The great mass of them only have intelligence levels which fall within average parameters; we know this must be so otherwise they would have noticed themselves the rabbit/lettuce points above, which clearly they have not, and it is a serious cause for concern that there are far too many people like this in the world, whose thinking only takes them so far, and no further, and whose minds never penetrate through to the bottom of a problem, before they take off and start doing real damage, thinking that they actually know better than the rest of us.

Of course, it is not such people who ever make real discoveries -- that is the preserve of the rebels, like Newton, Darwin or Einstein, who instead had sharp analytical minds, would not accept what they had been told to believe and would never have been do dizzy as to just blindly run along with the flock.

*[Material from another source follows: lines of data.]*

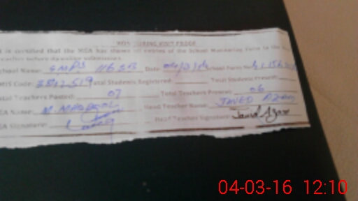 | Certified that this School was Inspected by the Undersigned MEA/DMO Today and the Information Stated Above is as Per Record. | |||||
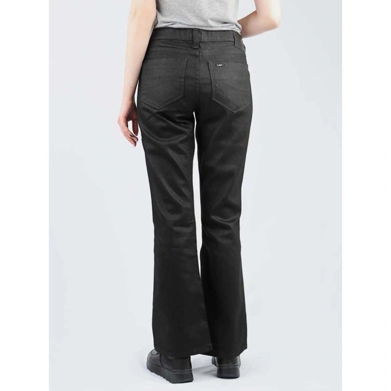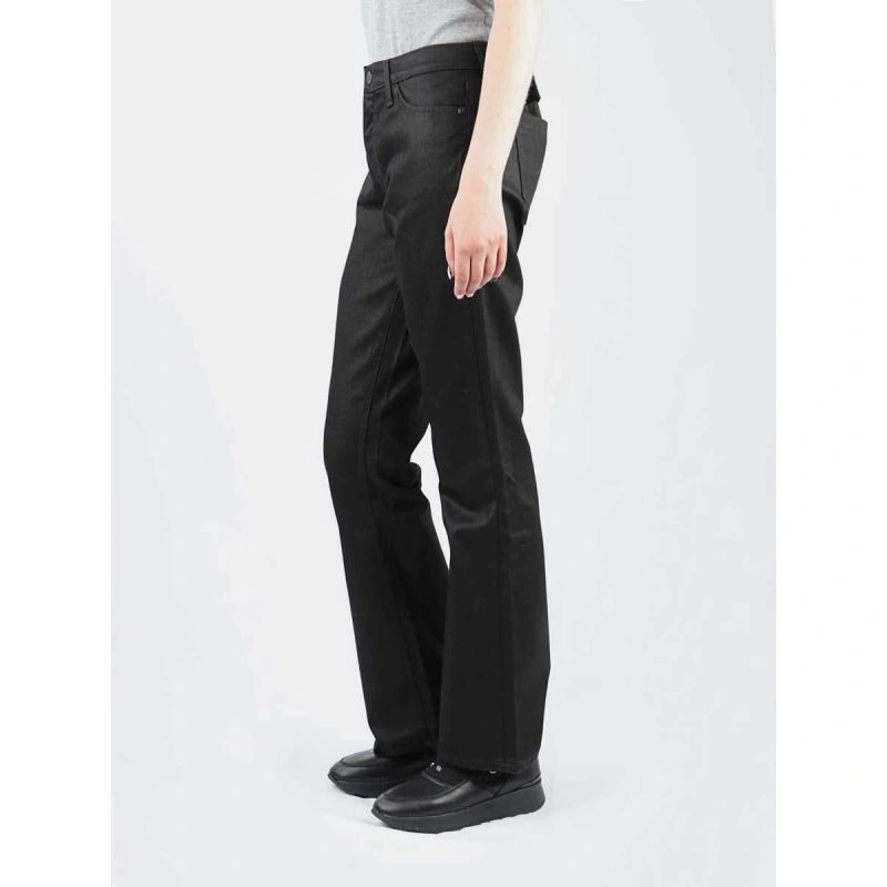 Dámské černé džínové kalhoty s nízkým pravidelným sedem a rozšířenými nohavicemi. Zapínání na zip a knoflík. Kožená nášivka na zadní straně v pase s logem výrobce.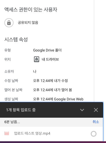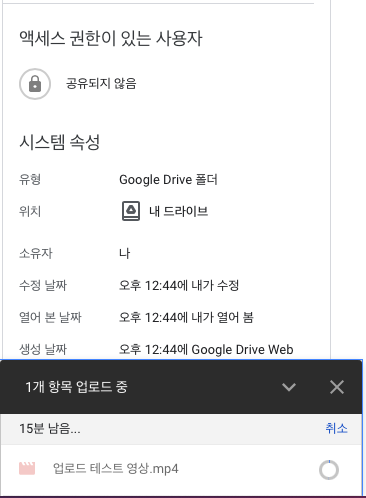마지막으로 비교해볼 인터넷 속도측정은 바로 대용량 파일의 업로드 속도인데요. 저는 테스트 삼아서 786.3MB 크기의 mp4 영상 파일을 한번 저의 개인 구글 드라이브에 업로드 해보았습니다.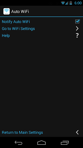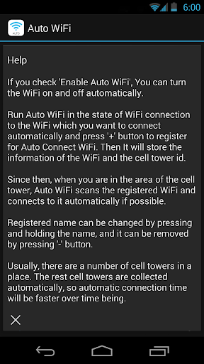 자동 접속할 와이파이에 접속 후 Auto WiFi를 실행하고 자동 접속 와이파이에 등록하십시오. 이후 그 장소에 가면 자동으로 와이파이가 켜지면서 접속을 하고, 그 장소에서 벗어나면 접속이 해제되면서 자동으로 와이파이가 꺼집니다.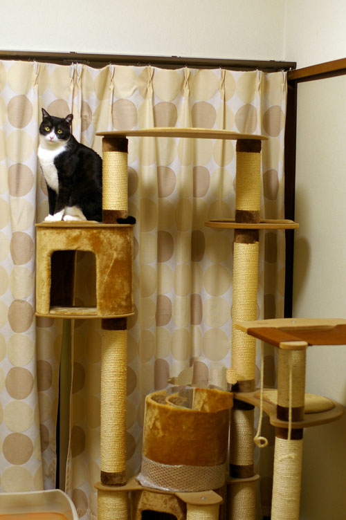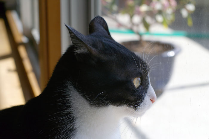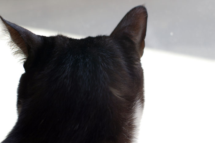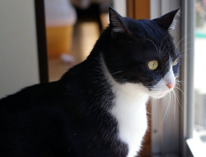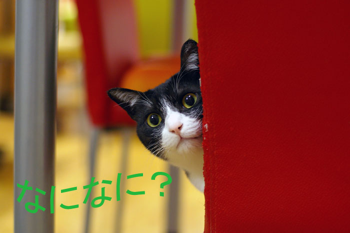自分の席から 顔を出し、キッチンにいる私を見つめています・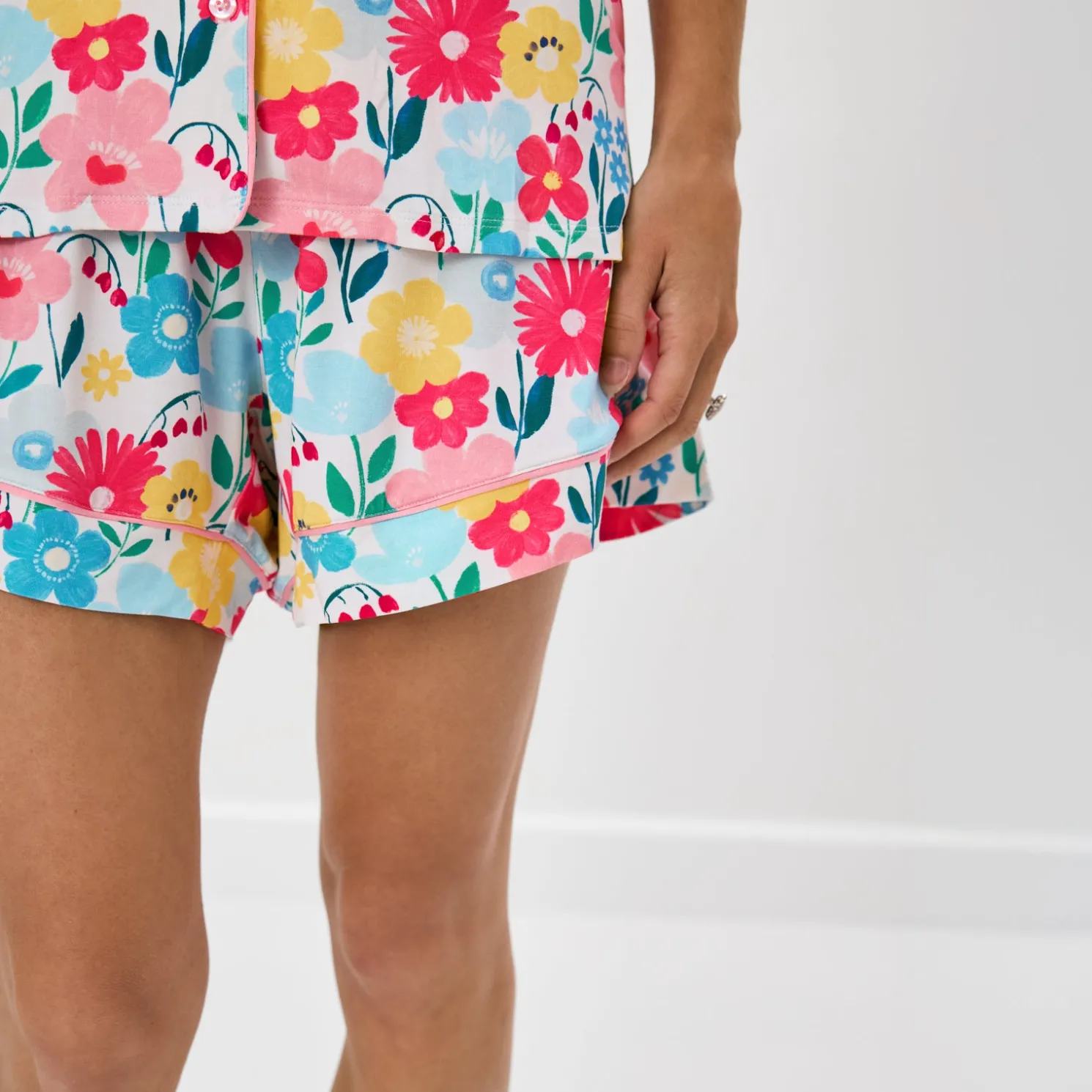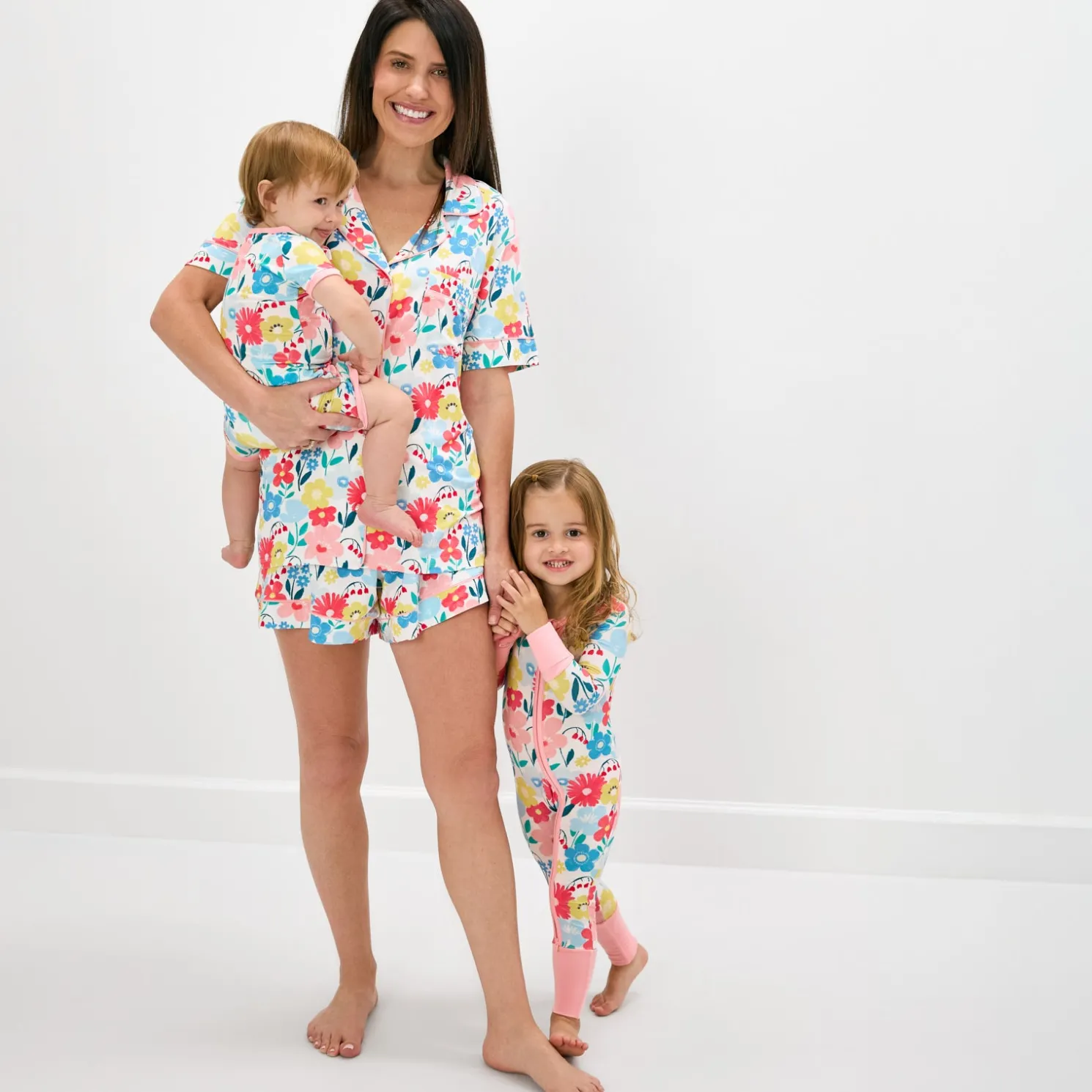 A meadow full of magic! The Midsummer Meadow Women’s Pajama Set features the prettiest Scandi-inspired floral on custom-milled Lunaluxe® Bamboo. This matching pajama set has a button-down top for easy nursing access and relaxed fit that’s bump friendly. Perfect for mommy & me matching with your little wildflower!

Vegetarians in the main fall into 2 groups: a smaller one which simply doesn’t like the taste of meat, and a larger one which adheres to these flawed principles. This larger group frequently carries an air about them whereby their “enlightening principles” have only just been discovered on an historical timescale and that our ignorant ancestors didn’t know about them. In reality, of course, our ancestors were slightly smarter than we are and must long ago have thought such things through all the way to the bottom. In other words, as in so many cases, we had it right the first time, and many vegetarians have fallen foul of a psychological phenomenon by which if you dwell too much on simple axiomatic facts such as 1 + 1 = 2, you come to doubt it and begin to lead yourself into error, especially if the flock just happens to be heading that way.

Perhaps we should remind vegetarians that yes, we are indeed the custodians of this planet, and in that capacity it is our moral duty to always follow the path of least suffering in all that we do -- something which vegetarians clearly and demonstrably are not doing.

And so, the next time you suspect that you're eating too much vegetation on your dinner plate, please spare a thought for those furry little animals, somewhere out there, who are having to go without, because of you, and how in the mature, grown-up world it is actually kinder to eat them instead of their food supply.

Assuming of course that the slaughter house is properly run. And in that, we should of course side with the vegetarians to ensure that they always are.